• [About this exercise]: Pick the lines holding the string "course" out of the records and copy them.

• [Data provided]:
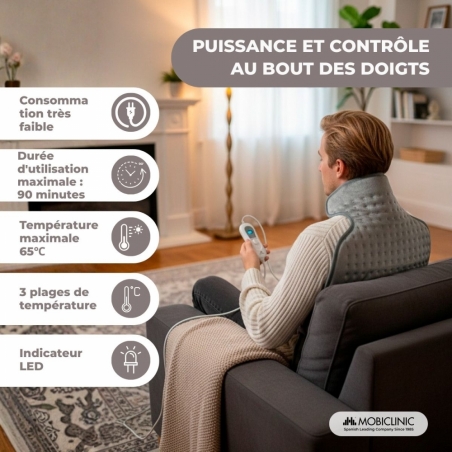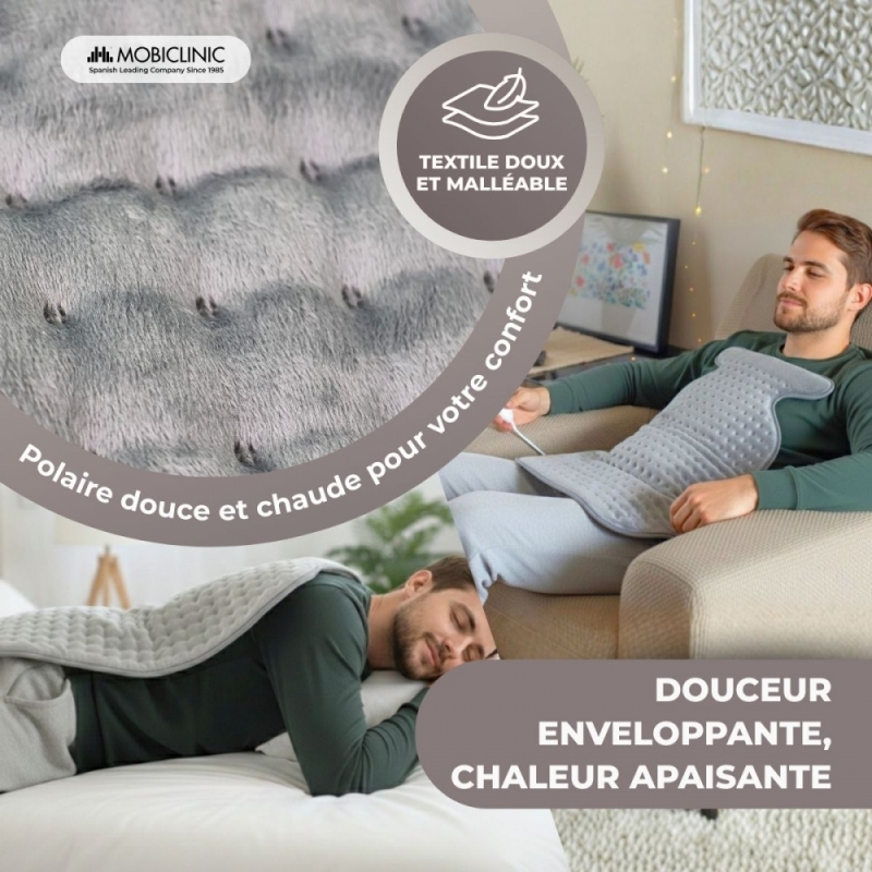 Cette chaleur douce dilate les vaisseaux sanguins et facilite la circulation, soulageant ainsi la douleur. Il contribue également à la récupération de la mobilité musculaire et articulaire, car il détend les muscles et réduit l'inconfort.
* * *
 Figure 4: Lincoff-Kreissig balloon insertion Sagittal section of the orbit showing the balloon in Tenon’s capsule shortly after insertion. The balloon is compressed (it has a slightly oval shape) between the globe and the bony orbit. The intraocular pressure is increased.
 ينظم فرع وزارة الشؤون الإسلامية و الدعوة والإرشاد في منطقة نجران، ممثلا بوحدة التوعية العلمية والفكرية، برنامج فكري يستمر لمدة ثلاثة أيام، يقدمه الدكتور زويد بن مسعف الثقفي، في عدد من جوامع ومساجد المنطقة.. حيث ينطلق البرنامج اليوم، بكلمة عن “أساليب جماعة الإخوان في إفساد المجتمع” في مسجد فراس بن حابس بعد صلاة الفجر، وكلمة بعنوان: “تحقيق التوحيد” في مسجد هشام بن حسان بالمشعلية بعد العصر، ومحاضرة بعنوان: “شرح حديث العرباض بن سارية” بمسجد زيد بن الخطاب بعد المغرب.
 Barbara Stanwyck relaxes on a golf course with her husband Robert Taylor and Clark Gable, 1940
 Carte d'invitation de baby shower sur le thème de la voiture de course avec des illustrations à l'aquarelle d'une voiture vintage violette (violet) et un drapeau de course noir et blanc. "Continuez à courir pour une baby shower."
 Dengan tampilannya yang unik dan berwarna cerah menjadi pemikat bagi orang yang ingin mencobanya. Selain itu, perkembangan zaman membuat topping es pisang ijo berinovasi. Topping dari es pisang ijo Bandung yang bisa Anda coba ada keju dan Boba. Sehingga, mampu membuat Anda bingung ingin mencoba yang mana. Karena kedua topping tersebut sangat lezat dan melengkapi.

• [Task output]:
 Barbara Stanwyck relaxes on a golf course with her husband Robert Taylor and Clark Gable, 1940
 Carte d'invitation de baby shower sur le thème de la voiture de course avec des illustrations à l'aquarelle d'une voiture vintage violette (violet) et un drapeau de course noir et blanc. "Continuez à courir pour une baby shower."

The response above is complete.